# W5M1 - RDD

## 라이브러리 및 세션 설정

In [None]:
from pyspark import SparkConf
from pyspark.sql import SparkSession, Row
from pyspark.sql.functions import isnan, when, count, col, isnull, avg, min
import pyspark.sql.functions as F
from operator import add

spark = SparkSession.builder \
    .master('spark://spark-master:7077') \
    .appName('W5M1') \
    .config('spark.executor.memory', '4gb') \
    .config("spark.executor.cores", "5") \
    .getOrCreate()


## 데이터 로딩

In [None]:
input_file_path = 'hdfs://spark-master:9000/user/hduser/hdfs_data/fhvhv_tripdata_2023-01.parquet'
output_dir_path = 'hdfs://spark-master:9000/user/spark_user/W5M1_output/'
ext = 'parquet'
name = "TLC-2023-01"

def load_data_rdd(spark_session, file_path, extension, name):
    if extension == "csv":
        data_rdd = spark_session.read.csv(file_path).rdd
    elif extension == "parquet":
        data_rdd = spark_session.read.parquet(file_path).rdd
    else:
        raise NotImpelentedError
    data_rdd.setName(name)
    return data_rdd

data_rdd = load_data_rdd(spark, input_file_path, ext, name)
data_rdd.take(1)


## 데이터 클리닝

In [None]:
def remove_row_w_none_val(row):
    for val in row:
        if val is None:
            return
    return row

print("Before data cleaning: ", data_rdd.count())
data_rdd = data_rdd.filter(lambda row: remove_row_w_none_val(row))
print("After data cleaning: ", data_rdd.count())


## 변환 로직

In [None]:
def remove_non_positive_fare(row):
    if row.base_passenger_fare > 0:
        return row
    else:
        return

print("Before removing zero or negative fare: ", data_rdd.count())
data_rdd = data_rdd.filter(lambda row: remove_non_positive_fare(row))
print("After removing zero or negative fare: ", data_rdd.count())


## 데이터 매핑 및 변환

In [None]:
def extract_and_convert_relevant_columns(row):
    return Row(pickup_datetime=row.pickup_datetime.date(), trip_miles=row.trip_miles, base_passenger_fare=row.base_passenger_fare)

data_rdd = data_rdd.map(lambda row: extract_and_convert_relevant_columns(row))
data_rdd.take(1)


## 집계

In [None]:
total_number_of_trips = data_rdd.count()
print(f"total_number_of_trips: {total_number_of_trips} miles")

total_revenue = data_rdd.map(lambda row: row.base_passenger_fare).reduce(add)
print(f"total_revenue: {round(total_revenue, 2)}$")

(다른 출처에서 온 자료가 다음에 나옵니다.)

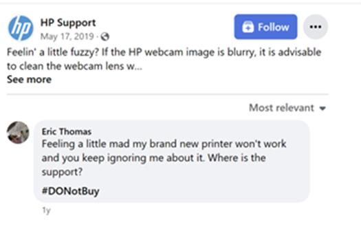 The post topic (how to fix a fuzzy HP webcam) isn’t what the commenter talked about (a new printer that won’t work and HP’s ignoring his support inquiries. However, it presented the perfect opportunity for HP Support to live up to his name, reply, and move to a one-on-one conversation.While Eric Thomas (the commenter) may never have been satisfied, I wouldn’t have seen HP’s lack of support confirmed three years later after a Google search delivered this content to help solve a problem with my webcam.
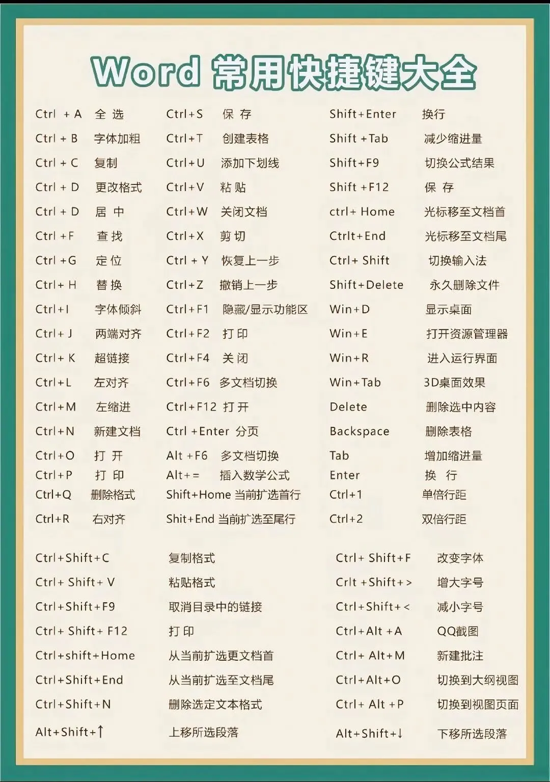 附:Word常用大全(关注后台回复“word”领取原图)
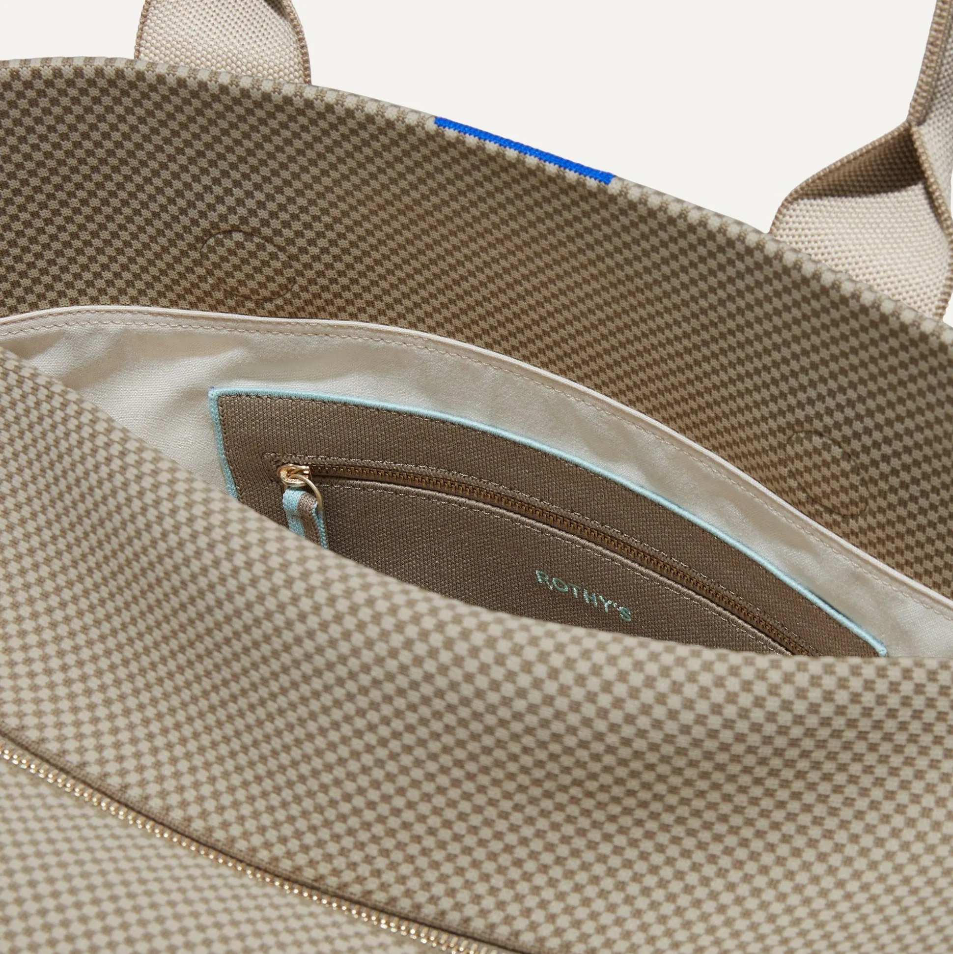 Our Durable, Spacious Travel Bag In A Brown And Cream Check Pattern With Minty Blue Accents Is Made For Getaways—With Three Roomy Compartments, Comfortable Top Handles And An Adjustable, Detachable Strap. Bonus: It Fits In The Overhead Bin Of Most Major Airlines.
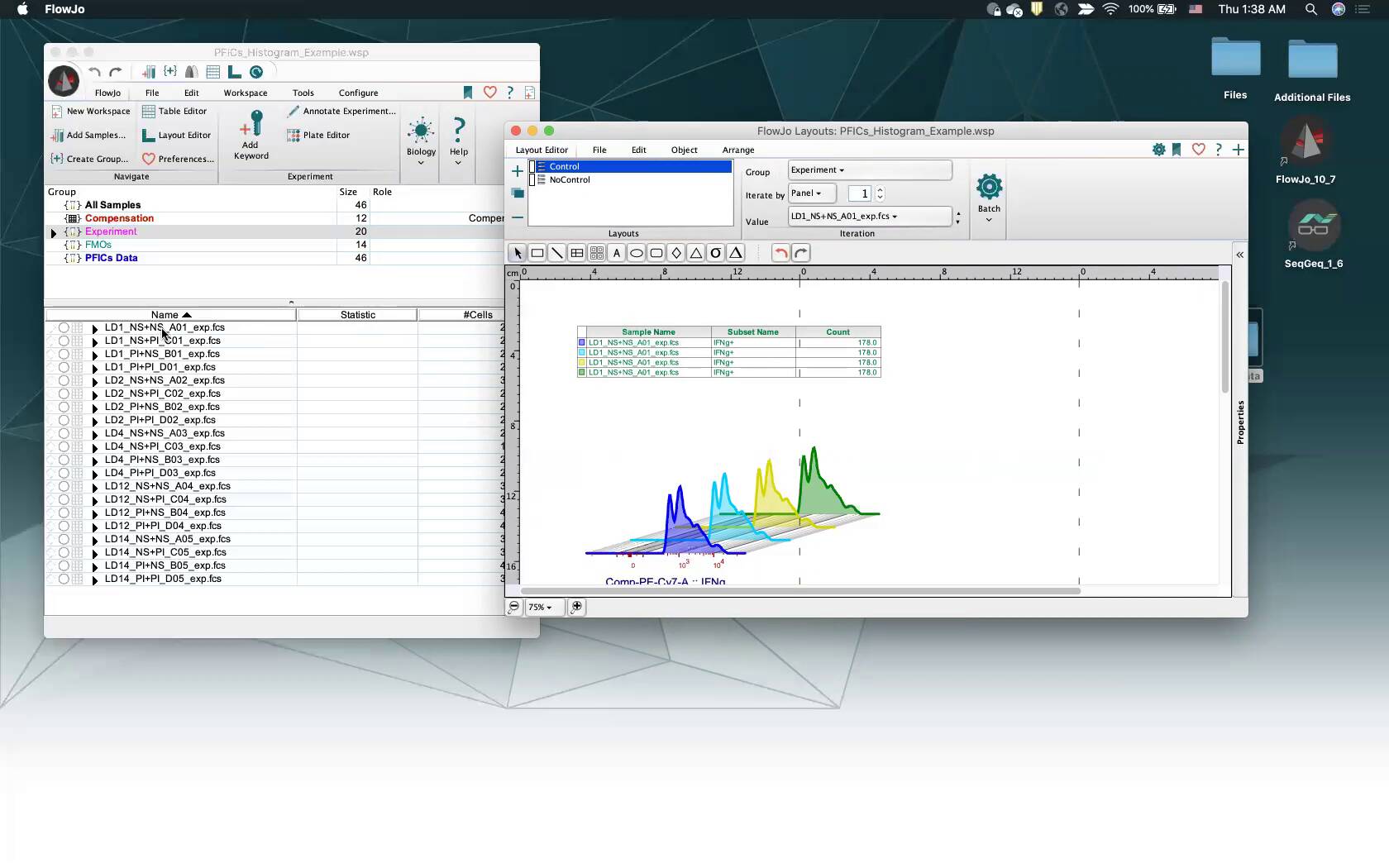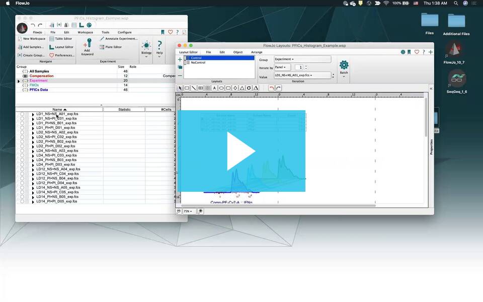 The Layout Editor functions slightly differently because there is an ‘Off’ iteration choice. This is included to allow the user to create a layout that stands alone with no specific order or orientation of samples during discovery. However, when FlowJo encounters a layout page in a template with Iterate set to ‘Off’ it follows this instruction, does not iterate and produces a layout page with empty plots and warning messages that the data files are not present. Additionally, there is a batch option to create new layout pages within that workspace. As these graphs have already been batched, their iteration immediately defaults to ‘Off’ and when they are opened in a template they will contain empty plots. They will also contain the number of plots the original experiment required, which may not be the number of plots a subsequent experiment with a different number of files requires. For these reasons we recommend choosing an iteration setting on all layout pages, removing already batched pages from the template before exporting as a template, and batching fresh when adding new data.
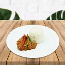 For reference: A hearty pork humba served with rice, offering rich and savory flavors.
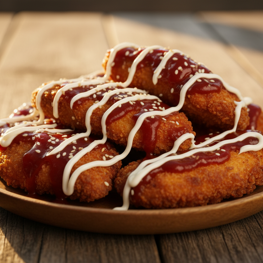 Pollo empanizado con salsa barbacoa, cubierto de ajonjolí y salsa mayo.
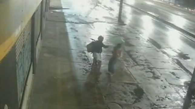 Imagens de uma câmera de segurança mostram o suspeito abordando a vítima em uma calçada. O homem sai da moto, para na frente da mulher e dá um soco nela, que cai o chão. Posteriormente, ele foge do local. A jovem pediu ajuda em uma oficina da região.
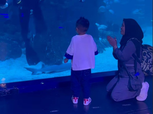 Rayyanza yang diajak di salah satu akuarium tersebut langsung tersipu malu. Ia pun terlihat senang dan loncat-loncat saat melihat banyak ikan di sana.
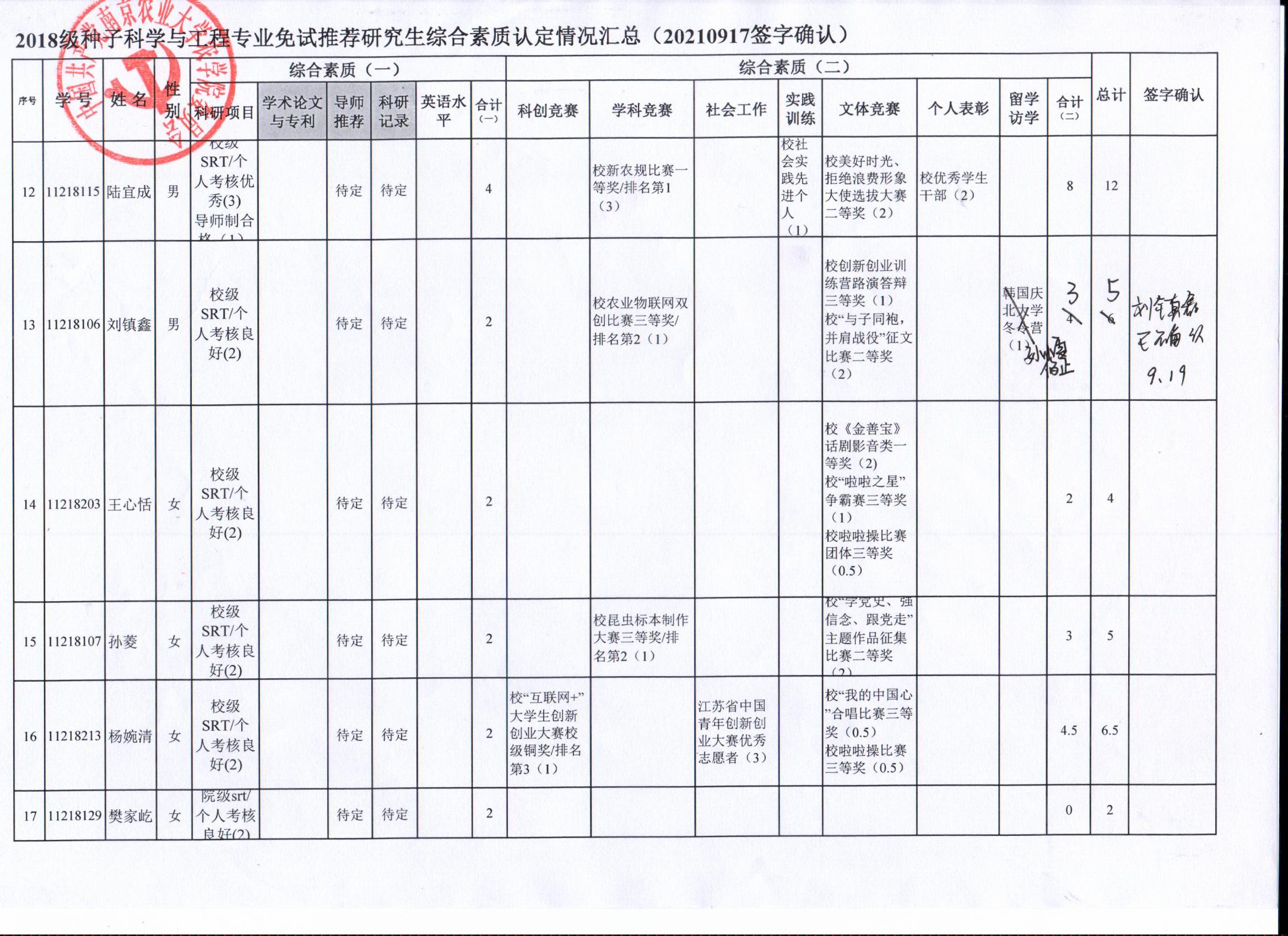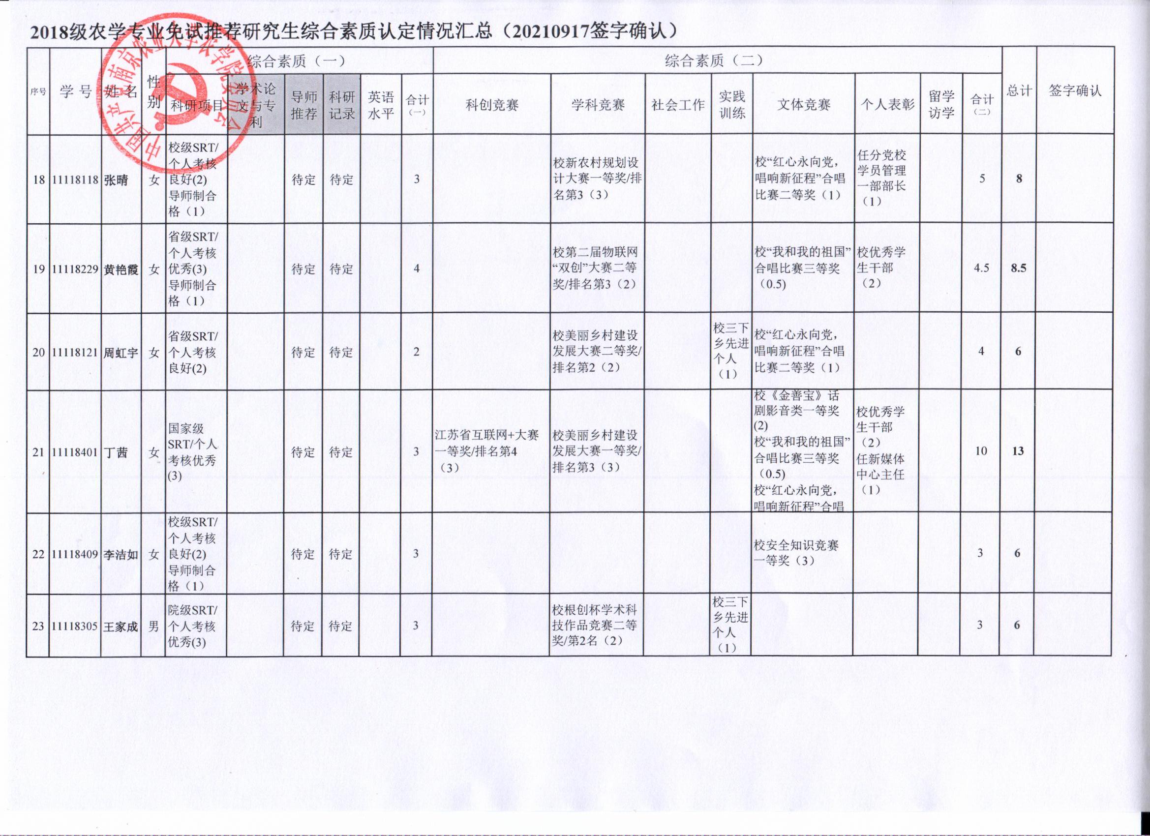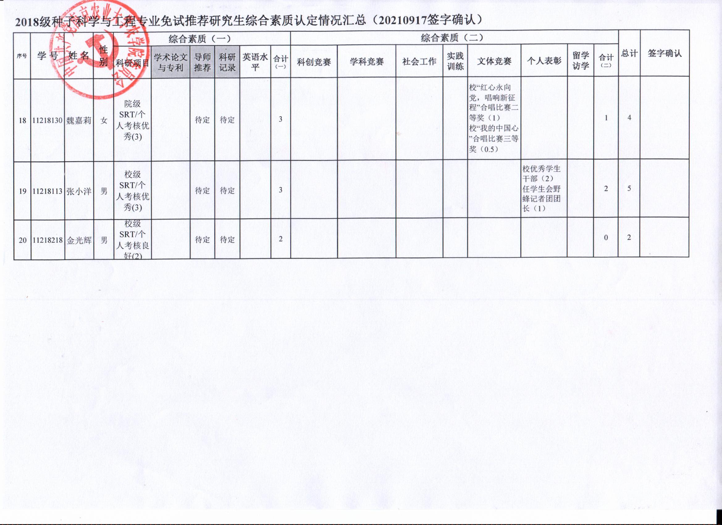 2022年推荐优秀应届本科毕业生免试攻读研究生工作方案》精神,经学生自愿申请、学院审核及学生签字确认,综合素质(一)第一、五类与综合素质(二)所有类别得分情况已于9月17-19日进行公示,现予以再次公示。

average_trip_distance = data_rdd.map(lambda row: row.trip_miles).mean()
print(f"average_trip_distance: round(average_trip_distance, 2) miles")

number_of_trips_per_day = data_rdd.map(lambda row: (row.pickup_datetime, 1)).reduceByKey(add).sortByKey(lambda row: row.pickup_datetime)
number_of_trips_per_day.take(20)

total_revenue_per_day = data_rdd.map(lambda row: (row.pickup_datetime, row.base_passenger_fare)).reduceByKey(add).sortByKey(lambda row: row.pickup_datetime)
total_revenue_per_day.take(20)


## 데이터 출력

In [None]:
# Save the output as text
result = spark.sparkContext.parallelize([
    f"total_number_of_trips, {total_number_of_trips}",
    f"total_revenue, {total_revenue}",
    f"average_trip_distance, {average_trip_distance}",
])
result.coalesce(1).saveAsTextFile(output_dir_path + "result.txt")

# Save the output as pickle object
number_of_trips_per_day.coalesce(1).saveAsPickleFile(output_dir_path + "number_of_trips_per_day")
total_revenue_per_day.coalesce(1).saveAsPickleFile(output_dir_path + "total_revenue_per_day")